The hard-edged, boxy furniture aesthetic of the 2010s is being replaced by softer, more organic shapes. Curved sofas, round dining tables, arched mirrors, and kidney-shaped coffee tables are all gaining traction. This reflects broader design culture moving away from rigidity and toward forms that feel more human and less industrial. The challenge is mixing these curved pieces with architecture that’s often rectilinear — but the contrast, when handled well, is genuinely striking.

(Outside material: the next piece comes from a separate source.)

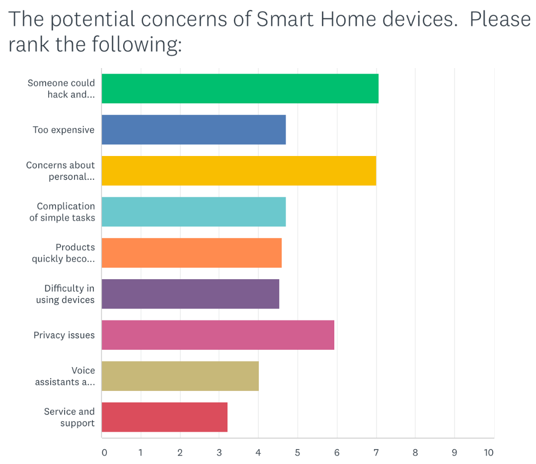 The IFDA survey taken in 2010 predicted that by now much home equipment and many home furnishings would be activated by voice and sensor. That has not come true to the extent predicted, but this year’s survey also foresees continued growth in the popularity of voice and sensor activation. Hacking and privacy concerns were listed as top reservations about the smart home. Note: earlier complaints that technologies complicate simple tasks and were difficult to use were not as much of a concern (it appears that we, too, are getting smarter!).

OUT: The All-White Kitchen

White kitchens are not disappearing — they’re too practical and resale-friendly for that. But the all-white, handleless, invisible-seam kitchen is losing its status as the aspirational peak of kitchen design. What’s replacing it: warm-toned cabinetry in sage green, dusty blue, and warm grey, combined with natural stone benchtops and visible textures. Kitchen design is getting warmer, more personal, and more willing to show character.

OUT: Open Shelving in Every Room

Open shelving was the defining interior trend of the early 2020s every kitchen featured floating timber shelves, every living room had an exposed bookcase arrangement. The problem, which many homeowners discovered too late, is that open shelving requires constant editing and creates a lot of visual noise. The trend is shifting back toward concealed storage, with open shelving reserved for intentionally curated display areas rather than everyday storage.

IN: Outdoor Living as True Extension of Interiors

This has always been present in Australian design, but it’s intensifying. The pandemic demonstrated how much value outdoor living space adds to daily life, and design is responding. Covered outdoor rooms with quality outdoor furniture, outdoor rugs, proper lighting, and even outdoor kitchen setups are being designed with the same level of care as interior spaces. The line between inside and outside is being deliberately blurred through matching materials, continuous flooring where possible, and aligned colour palettes.

Good interior design doesn’t chase every trend it identifies the ones that suit your home, your lifestyle, and your budget, and filters out the rest. The warmth, texture, and connection-to-nature direction of 2026 Australian design feels genuinely right for our climate and our character. Engage with it thoughtfully, and your home will feel both contemporary and timelessly comfortable.